October 8, 2015


I favor cuts in defense spending—I favor cuts in spending almost everywhere—but thinking about President Eisenhower earlier today (I do that a lot) made me want to put contemporary military spending into perspective. In 1957, the nation was more or less at peace, the budget ran a small surplus, and we spent 9.8 percent of GDP on national defense. That was down sharply from the years immediately before (winding down of Korean War expenses, I guess) but quite a bit higher than it was in 1950 and 1951. In 1950, we spent only 4.9 percent of GDP on national defense, half that 1957 number. This year, we’re going to spend about 3.3 percent of GDP on national defense. That’s less than we spent during the first Clinton administration, a fairly peaceable time.
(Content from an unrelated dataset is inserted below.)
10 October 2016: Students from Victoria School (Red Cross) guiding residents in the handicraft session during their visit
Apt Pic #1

It’s less than we’ve spent since before the budgetary beginning of the post-9/11 era, by which I mean, since 2002. Looking at 1957 from the other side of the ledger, tax receipts were 17.2 percent of GDP. This year, taxes are expected to come in at 17.7 percent of GDP, a little bit more. . . .
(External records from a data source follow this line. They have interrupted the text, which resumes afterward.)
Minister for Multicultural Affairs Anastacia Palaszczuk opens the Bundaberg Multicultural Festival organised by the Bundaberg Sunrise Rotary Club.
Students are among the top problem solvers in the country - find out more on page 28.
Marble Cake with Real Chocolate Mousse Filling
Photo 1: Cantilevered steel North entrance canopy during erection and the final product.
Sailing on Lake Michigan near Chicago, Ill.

The real lesson of 1957 is that you could—if you were so inclined—spend three times what we spend on the military in GDP terms, produce a small budget surplus, and reduce total taxes. You could do that if you were willing to do the work on the rest of the budget. I wasn’t around at the time, but I’ve heard that 1957 was not a time of stateless Mad Max anarchy and wanton savagery in the United States.

Politicians found better ways to buy votes, so money spent on, you know, actually doing things the Constitution assigns to the national government is squeezed.